Machine Learning Engineer

We are seeking a skilled Machine Learning Engineer (Contractor) to support and maintain critical batch workflows that generate large-scale forecasts. These workflows are orchestrated through a custom in-house scheduling tool and leverage R, Python, Bash, and Spark on a YARN-managed on-premise cluster. The engineer will be responsible for ensuring smooth daily operations, including monitoring, restarting, and troubleshooting jobs to minimize downtime and maintain system reliability.
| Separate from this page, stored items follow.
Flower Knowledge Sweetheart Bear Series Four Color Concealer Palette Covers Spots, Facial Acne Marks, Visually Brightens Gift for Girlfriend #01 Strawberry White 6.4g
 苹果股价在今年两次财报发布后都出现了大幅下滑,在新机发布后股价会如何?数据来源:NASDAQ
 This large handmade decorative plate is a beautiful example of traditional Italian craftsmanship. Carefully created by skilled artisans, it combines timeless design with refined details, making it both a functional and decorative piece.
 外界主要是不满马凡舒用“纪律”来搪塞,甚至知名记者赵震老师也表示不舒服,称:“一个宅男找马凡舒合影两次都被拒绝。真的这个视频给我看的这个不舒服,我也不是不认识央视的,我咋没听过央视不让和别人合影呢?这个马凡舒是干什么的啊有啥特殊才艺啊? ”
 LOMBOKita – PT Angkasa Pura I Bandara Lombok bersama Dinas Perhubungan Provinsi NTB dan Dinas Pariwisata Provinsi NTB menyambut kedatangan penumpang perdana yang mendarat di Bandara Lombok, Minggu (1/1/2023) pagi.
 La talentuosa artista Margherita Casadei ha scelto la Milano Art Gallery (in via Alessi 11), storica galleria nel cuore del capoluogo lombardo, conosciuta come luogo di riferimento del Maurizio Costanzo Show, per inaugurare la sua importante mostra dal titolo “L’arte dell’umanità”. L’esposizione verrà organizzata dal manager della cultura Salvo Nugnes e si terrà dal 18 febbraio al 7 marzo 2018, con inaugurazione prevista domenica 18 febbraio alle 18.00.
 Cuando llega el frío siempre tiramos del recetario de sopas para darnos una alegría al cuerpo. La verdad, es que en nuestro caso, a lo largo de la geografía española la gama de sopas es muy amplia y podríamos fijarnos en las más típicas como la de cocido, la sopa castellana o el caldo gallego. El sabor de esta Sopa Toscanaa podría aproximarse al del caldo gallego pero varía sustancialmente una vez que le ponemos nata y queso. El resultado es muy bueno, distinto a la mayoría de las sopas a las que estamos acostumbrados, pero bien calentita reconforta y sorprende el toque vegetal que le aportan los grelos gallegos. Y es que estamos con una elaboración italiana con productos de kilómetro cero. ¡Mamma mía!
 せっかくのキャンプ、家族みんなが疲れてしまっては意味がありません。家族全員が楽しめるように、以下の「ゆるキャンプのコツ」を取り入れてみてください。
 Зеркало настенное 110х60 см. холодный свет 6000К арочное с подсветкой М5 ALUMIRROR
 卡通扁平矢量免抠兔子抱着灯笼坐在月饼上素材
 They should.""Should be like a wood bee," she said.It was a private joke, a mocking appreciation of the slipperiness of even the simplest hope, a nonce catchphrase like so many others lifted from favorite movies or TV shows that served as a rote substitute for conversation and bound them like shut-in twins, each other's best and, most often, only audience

Strong problem-solving skills and the ability to quickly diagnose issues across multiple technologies will be key in this role

In addition to operations, the engineer will contribute development expertise by enhancing the functionality, stability, and performance of existing jobs. This will include submitting code changes in Python (PySpark), Bash, or Terraform to improve orchestration and infrastructure configurations. The role also involves implementing observability metrics and monitoring solutions, using tools such as OTEL, Kibana, REST APIs, and custom instrumentation. The ideal candidate will be comfortable collaborating via GitHub (PRs), proactive in identifying improvement opportunities, and effective at balancing operational support with development contributions.

Required Skills

Technical Skills:
Proficiency with Python (PySpark), Bash, and working knowledge of R
Experience with Apache Spark on YARN-managed clusters (large-scale, on-premise environments preferred)
Familiarity with workflow orchestration tools (Airflow, Luigi, or custom equivalents)
Experience with Terraform (infrastructure-as-code)
Strong background in job monitoring and troubleshooting in distributed environments
Knowledge of observability/monitoring practices using OTEL, Kibana, REST APIs, and custom metrics instrumentation
Hands-on experience with GitHub workflows (pull requests, branching strategies, code reviews)

Soft Skills:
Strong analytical and troubleshooting skills with attention to detail
Clear and effective communication, especially in cross-functional environments
Ability to prioritize operational stability while driving code improvements
Proactive mindset with a focus on reliability and continuous improvement
Collaborative attitude, able to work effectively with developers, data scientists, and operations staff

TECHNICAL SKILLS

Must Have

Apache Hadoop , Apache Hive, Apache Spark, Apache spark ecosystem, Big Data
Docker
Git/GitHub
PySpark
Python

Nice To Have
Airflow or Similar Orchestration Tools
Bash Scripting
Grafana
Kibana
MLOps
OpenTelemetry
R
Terraform

Must have (Spark, Hadoop, orchestration, observability, etc)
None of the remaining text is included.